The South Australian renewable energy crucible – perspectives from macro to micro


“South Australia is a global pioneer in renewable energy and lowered emissions, but there are also significant obstacles to overcome,” Lara Panjkov, Renewable Energy Analyst at BloombergNEF, tells pv magazine in advance of delivering a big-picture market overview at tomorrow’s South Australian Renewable Energy Conference (13 October). “The lessons learned in South Australia today,” she adds, “will tomorrow provide solutions for many markets around the world.”

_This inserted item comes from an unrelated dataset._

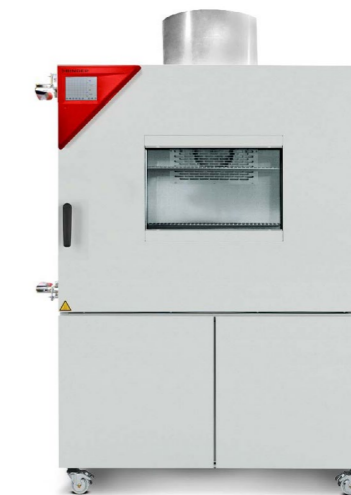
Model MK 240 with package P

In the manufacturing process of the lithium-ion cell, components are dried. Our vacuum drying ovens series VD and series VDL as well as our drying oven Series FED are suitable for this.

In 2019 renewable generation supplied around 55% of South Australia’s demand for electricity. The state is a leader in distributed energy resources (DER) with more than 1 GW of rooftop solar and numerous aggregation programs designed to advance the ability of DER to support grid stability even as SA’s wind generation exceeds 2 GW, and the system prepares to absorb a forecast 1 GW of large-scale PV over the coming four years.

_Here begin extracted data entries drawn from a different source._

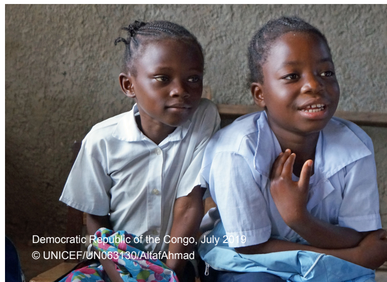
Democratic Republic of the Congo, July 2019

Market monitoring is required to have up-to-date information on the value of the transfer in terms of what it can buy. In volatile contexts, the transfer amount may need to be adjusted in line with market prices or there is a risk of compromising the intended nutrition outcome. In many humanitarian contexts, systems to assess and monitor markets for food and non-food items are already in place. As such, the nutrition sector does not necessarily have to collect additional market information.
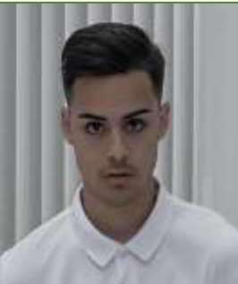
Democritus University of Thrace
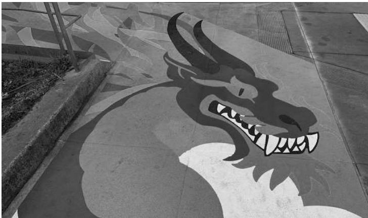
(above) The dragon of "Hop, Skip and Plan on Omar Way." The active play space was made possible by a 2018 PB grant.

At the same time, South Australia has given the Australian Energy Market Operator the green light to switch off its rooftop fleet to stabilise the grid when threatened by blackout; it’s devoted $10 million to upgrading its voltage management capabilities; and is at the cutting edge of innovative digital-based programs that will help utilise existing capacity for two-way energy flows as the state continues to grow its rooftop-solar penetration.

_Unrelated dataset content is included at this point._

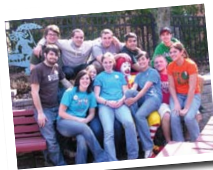
The University of Akron students, all members of the Chapel, came to Ronald McDonald House and did spring cleaning. They gave up their spring break time to perform community service.

In South Australia, says Panjkov, “You’ve got challenges with maintaining system strength and inertia, with handling times of record low demand from the grid due to rooftop generation, and there’s also frequent negative pricing, especially during high wind output.”

Lara Panjkov, Renewable Energy Analyst at BloombergNEF, says, “In our view, South Australia is a global renewable energy pioneer.”

Image: BloombergNEF

But successive South Australian state governments and energy operators, with the help of foresightful projects supported by the Australian Renewable Energy Agency, have maintained their commitment to transition. Last year the South Australian Liberal Government reiterated its intention to achieve 100% renewable electricity generation by 2030, under a framework that ensures security and affordability of power.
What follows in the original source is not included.